Surprise: Scrolling Through Facebook Posts Actually Has A Negative Effect

A study conducted by researchers at the University of British Columbia revealed that Facebook posts heavily contribute to people’s negative feelings about themselves, including lower self-worth. But, jealousy is what people mostly feel when scrolling through the dolled-up  lives of their friends.  

Past studies have linked social media use to depression, anxiety and narcissism but these studies never got to the root of the cause for such feelings.

Co-author of the recent study, Izak Benbasat, entitled the study “Why Following Friends Can Hurt You.” Researchers evaluated survey responses from almost 1,200 German university students regarding their Facebook habits as well as their emotions felt while using the network.

While 38% of respondents stated that using Facebook is pleasurable, the most common response to the question of “Which emotion do you feel the most when using Facebook?” was envy.

But, it took some specific questioning to get students to realize they felt envious. Benbasat pointed out that,  “If we asked people directly ‘What do you feel?’ only 25% mention envy.” However, that number increases to 50% when asked about their general feelings. Benbasat believes that, “The truth is somewhere in the middle.”

63% of the time, posts about travel and leisure triggered users’ feelings of envy and inadequacy. That is compared to 18% of the time when friends discuss the same issues in a conversational setting.

Interestingly, the study revealed that a person’s tendency to compare his or her experiences with friends actually lessens that person’s enjoyment in their own experiences unless it is believed that they will be better than others’.

Benbasat said that, “Most of the time people on Facebook are trying to show their good sides, not their bad sides.

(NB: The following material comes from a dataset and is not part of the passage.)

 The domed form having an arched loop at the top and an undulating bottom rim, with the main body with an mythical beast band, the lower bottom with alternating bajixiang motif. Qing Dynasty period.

When envy goes up, emotional and social well-being comes down.” That in turn increases feelings of stress, sadness and loneliness.

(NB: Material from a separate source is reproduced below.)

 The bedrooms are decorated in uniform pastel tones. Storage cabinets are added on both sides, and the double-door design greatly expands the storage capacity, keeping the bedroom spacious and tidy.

Millennials are particularly susceptible to these feelings of unhappiness due to the disparities between expectations and reality.

Benbasat noted that, “From other studies, we know that feelings of envy are higher when you are younger.”

To cope with those sad feelings, people sometimes try to make themselves look good in their social media posts. “There is a reaction to when people feel envious they will post good, pleasant information about themselves.” Ironically, this only feeds into the continuing problem.